(Source records)
[Start of Attachment]
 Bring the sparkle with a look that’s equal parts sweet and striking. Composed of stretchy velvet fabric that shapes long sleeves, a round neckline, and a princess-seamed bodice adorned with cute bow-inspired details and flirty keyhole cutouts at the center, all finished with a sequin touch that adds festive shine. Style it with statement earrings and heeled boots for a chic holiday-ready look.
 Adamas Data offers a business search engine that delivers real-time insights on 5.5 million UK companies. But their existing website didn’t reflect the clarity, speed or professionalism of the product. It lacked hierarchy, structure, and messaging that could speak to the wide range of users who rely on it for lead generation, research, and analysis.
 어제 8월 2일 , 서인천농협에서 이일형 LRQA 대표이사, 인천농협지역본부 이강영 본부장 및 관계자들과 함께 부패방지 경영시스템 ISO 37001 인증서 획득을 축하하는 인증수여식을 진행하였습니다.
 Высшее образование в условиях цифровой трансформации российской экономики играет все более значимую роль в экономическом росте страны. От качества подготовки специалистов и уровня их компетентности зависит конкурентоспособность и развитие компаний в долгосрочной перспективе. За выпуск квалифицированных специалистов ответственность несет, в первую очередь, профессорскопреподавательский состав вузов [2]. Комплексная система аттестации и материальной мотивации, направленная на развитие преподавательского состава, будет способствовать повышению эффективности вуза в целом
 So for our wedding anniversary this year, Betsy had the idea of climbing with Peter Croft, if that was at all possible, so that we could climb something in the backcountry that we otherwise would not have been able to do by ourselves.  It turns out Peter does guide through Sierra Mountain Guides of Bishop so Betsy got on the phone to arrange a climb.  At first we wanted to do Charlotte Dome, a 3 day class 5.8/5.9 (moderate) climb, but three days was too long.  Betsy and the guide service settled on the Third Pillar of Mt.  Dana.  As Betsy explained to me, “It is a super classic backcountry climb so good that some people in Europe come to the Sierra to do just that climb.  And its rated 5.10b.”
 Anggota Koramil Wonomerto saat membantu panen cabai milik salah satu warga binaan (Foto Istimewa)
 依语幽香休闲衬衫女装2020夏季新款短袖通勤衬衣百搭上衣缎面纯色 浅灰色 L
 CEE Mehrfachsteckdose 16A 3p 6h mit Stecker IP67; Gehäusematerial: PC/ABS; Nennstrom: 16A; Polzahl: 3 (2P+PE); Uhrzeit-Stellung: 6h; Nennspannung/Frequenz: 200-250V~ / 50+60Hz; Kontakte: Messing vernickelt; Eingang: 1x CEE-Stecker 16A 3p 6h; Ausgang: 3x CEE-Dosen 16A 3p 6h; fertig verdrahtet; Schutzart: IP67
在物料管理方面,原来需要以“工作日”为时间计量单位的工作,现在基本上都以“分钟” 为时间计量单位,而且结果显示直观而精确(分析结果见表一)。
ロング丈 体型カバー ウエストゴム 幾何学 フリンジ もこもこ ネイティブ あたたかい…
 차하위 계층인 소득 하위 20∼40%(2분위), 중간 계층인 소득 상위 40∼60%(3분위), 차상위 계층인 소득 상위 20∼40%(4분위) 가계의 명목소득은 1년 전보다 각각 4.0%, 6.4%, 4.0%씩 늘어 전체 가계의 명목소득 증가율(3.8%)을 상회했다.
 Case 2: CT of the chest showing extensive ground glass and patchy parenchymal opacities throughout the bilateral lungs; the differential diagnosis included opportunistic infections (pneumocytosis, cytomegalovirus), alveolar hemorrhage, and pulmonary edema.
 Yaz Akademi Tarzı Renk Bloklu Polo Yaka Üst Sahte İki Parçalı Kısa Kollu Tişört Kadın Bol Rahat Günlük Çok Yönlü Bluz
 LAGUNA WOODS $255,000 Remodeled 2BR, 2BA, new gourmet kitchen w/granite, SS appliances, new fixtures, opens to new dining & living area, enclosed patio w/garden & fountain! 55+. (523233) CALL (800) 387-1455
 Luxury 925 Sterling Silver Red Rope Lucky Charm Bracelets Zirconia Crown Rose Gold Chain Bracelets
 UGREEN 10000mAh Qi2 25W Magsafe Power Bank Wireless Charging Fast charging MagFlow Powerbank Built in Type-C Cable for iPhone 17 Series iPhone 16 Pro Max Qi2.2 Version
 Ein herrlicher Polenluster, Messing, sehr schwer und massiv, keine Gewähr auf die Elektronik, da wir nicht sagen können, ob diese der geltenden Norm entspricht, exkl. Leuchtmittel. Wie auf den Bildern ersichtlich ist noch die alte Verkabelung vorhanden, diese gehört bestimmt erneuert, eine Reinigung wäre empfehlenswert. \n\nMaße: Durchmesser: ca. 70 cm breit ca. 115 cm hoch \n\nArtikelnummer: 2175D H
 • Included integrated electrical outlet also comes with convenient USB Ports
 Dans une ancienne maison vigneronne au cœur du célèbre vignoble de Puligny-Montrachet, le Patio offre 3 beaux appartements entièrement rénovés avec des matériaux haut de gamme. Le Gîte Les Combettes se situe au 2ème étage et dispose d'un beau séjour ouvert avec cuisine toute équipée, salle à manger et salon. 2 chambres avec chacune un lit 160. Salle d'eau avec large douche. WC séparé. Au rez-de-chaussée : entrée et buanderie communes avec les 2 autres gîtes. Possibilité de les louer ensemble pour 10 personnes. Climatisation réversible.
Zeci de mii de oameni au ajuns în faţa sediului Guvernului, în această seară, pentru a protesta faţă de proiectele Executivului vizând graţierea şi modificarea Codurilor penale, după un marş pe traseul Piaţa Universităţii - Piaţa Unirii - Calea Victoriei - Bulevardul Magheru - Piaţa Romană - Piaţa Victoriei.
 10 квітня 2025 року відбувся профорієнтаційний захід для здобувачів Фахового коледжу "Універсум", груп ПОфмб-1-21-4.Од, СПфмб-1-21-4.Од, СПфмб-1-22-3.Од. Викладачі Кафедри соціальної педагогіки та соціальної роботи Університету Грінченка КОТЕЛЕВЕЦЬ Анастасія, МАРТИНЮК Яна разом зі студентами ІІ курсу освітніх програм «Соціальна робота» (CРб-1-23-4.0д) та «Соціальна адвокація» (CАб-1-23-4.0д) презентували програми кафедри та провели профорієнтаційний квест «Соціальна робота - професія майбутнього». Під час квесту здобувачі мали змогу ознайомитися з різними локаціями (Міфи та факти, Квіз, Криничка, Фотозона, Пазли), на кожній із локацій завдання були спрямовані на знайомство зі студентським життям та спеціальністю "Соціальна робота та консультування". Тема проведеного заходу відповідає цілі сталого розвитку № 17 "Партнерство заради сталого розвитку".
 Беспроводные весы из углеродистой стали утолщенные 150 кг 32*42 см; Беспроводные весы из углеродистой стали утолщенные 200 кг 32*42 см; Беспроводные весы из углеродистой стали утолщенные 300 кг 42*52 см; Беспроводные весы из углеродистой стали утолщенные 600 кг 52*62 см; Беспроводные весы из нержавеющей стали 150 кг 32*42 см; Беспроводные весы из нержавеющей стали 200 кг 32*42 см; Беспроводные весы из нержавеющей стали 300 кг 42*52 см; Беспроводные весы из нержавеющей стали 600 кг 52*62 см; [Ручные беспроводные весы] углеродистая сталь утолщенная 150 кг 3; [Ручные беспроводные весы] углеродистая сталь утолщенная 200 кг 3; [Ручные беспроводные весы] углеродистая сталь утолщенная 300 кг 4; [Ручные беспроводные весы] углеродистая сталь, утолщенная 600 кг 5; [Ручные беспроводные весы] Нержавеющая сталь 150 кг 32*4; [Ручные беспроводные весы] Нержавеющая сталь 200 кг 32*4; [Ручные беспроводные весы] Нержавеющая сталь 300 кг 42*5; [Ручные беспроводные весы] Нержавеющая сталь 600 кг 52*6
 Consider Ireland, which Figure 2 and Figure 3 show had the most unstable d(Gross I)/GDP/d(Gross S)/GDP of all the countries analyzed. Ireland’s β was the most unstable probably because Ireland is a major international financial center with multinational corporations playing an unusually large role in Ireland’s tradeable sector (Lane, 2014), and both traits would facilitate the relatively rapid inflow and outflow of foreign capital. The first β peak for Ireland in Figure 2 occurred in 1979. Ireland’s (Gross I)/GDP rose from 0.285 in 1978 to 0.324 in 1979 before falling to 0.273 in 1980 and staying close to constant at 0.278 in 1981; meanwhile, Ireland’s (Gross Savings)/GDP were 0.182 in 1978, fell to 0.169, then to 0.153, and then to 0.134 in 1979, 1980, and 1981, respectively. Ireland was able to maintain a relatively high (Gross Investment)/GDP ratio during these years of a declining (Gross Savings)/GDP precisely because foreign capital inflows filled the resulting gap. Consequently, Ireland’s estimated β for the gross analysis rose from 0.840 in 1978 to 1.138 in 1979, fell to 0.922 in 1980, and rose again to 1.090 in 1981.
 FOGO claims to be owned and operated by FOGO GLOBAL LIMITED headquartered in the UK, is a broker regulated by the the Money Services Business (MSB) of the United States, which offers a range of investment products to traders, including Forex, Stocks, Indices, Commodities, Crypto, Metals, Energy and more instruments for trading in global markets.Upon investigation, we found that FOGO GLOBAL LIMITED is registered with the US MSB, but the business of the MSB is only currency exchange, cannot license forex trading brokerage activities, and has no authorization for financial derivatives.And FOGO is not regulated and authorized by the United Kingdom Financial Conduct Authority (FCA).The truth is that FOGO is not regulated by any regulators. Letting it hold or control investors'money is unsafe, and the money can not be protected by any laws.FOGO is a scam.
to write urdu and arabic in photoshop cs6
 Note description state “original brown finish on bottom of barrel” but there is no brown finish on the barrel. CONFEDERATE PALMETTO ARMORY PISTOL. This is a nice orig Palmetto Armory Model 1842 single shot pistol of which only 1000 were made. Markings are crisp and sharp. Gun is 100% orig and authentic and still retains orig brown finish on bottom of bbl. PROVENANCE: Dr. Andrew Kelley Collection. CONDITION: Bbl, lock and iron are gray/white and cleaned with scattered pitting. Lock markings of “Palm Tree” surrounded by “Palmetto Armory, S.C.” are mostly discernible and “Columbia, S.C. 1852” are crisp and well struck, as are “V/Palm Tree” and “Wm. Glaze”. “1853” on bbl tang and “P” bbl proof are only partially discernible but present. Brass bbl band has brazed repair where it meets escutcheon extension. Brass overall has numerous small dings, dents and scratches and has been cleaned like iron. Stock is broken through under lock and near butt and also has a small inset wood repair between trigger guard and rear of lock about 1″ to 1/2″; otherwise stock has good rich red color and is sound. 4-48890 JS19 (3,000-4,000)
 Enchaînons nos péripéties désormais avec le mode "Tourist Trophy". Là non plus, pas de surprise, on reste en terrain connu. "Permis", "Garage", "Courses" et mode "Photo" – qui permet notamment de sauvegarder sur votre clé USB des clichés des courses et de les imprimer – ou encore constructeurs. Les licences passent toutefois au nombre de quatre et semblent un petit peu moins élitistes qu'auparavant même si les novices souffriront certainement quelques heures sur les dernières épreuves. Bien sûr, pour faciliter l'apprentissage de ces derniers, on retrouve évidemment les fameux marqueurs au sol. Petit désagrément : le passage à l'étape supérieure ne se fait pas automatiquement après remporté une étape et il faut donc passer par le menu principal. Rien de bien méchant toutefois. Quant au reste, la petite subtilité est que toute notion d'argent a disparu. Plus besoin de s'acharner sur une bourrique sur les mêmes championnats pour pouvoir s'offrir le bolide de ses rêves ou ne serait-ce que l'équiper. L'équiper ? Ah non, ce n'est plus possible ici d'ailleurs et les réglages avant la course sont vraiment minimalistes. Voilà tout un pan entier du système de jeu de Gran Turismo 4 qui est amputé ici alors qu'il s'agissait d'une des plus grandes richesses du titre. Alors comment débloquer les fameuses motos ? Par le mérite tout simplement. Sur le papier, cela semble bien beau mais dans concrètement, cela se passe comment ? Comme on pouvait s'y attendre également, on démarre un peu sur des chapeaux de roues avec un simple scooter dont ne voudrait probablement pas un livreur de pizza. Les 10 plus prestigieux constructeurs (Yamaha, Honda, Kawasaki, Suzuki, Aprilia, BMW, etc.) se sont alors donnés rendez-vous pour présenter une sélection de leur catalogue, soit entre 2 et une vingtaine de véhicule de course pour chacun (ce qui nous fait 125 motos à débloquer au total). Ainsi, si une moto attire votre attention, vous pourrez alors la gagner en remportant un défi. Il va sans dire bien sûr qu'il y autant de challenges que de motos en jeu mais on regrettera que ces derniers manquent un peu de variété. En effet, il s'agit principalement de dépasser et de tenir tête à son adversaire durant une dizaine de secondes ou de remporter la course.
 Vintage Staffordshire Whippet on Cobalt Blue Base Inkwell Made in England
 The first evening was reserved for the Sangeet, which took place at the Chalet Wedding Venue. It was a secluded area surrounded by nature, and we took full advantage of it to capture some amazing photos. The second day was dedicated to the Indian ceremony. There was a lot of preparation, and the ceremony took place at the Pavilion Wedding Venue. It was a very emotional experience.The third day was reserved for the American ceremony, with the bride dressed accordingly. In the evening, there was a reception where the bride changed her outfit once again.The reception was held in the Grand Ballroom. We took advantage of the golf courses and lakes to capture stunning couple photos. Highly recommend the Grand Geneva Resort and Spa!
[End of Attachment]
> Assignment
Of the entries above, transcribe exactly those lines that fall between the line containing "Ein herrlicher Polenluster, Messing, sehr" and the line containing "Dans une ancienne", together with those two lines.

> Solution
 Ein herrlicher Polenluster, Messing, sehr schwer und massiv, keine Gewähr auf die Elektronik, da wir nicht sagen können, ob diese der geltenden Norm entspricht, exkl. Leuchtmittel. Wie auf den Bildern ersichtlich ist noch die alte Verkabelung vorhanden, diese gehört bestimmt erneuert, eine Reinigung wäre empfehlenswert. \n\nMaße: Durchmesser: ca. 70 cm breit ca. 115 cm hoch \n\nArtikelnummer: 2175D H
 • Included integrated electrical outlet also comes with convenient USB Ports
 Dans une ancienne maison vigneronne au cœur du célèbre vignoble de Puligny-Montrachet, le Patio offre 3 beaux appartements entièrement rénovés avec des matériaux haut de gamme. Le Gîte Les Combettes se situe au 2ème étage et dispose d'un beau séjour ouvert avec cuisine toute équipée, salle à manger et salon. 2 chambres avec chacune un lit 160. Salle d'eau avec large douche. WC séparé. Au rez-de-chaussée : entrée et buanderie communes avec les 2 autres gîtes. Possibilité de les louer ensemble pour 10 personnes. Climatisation réversible.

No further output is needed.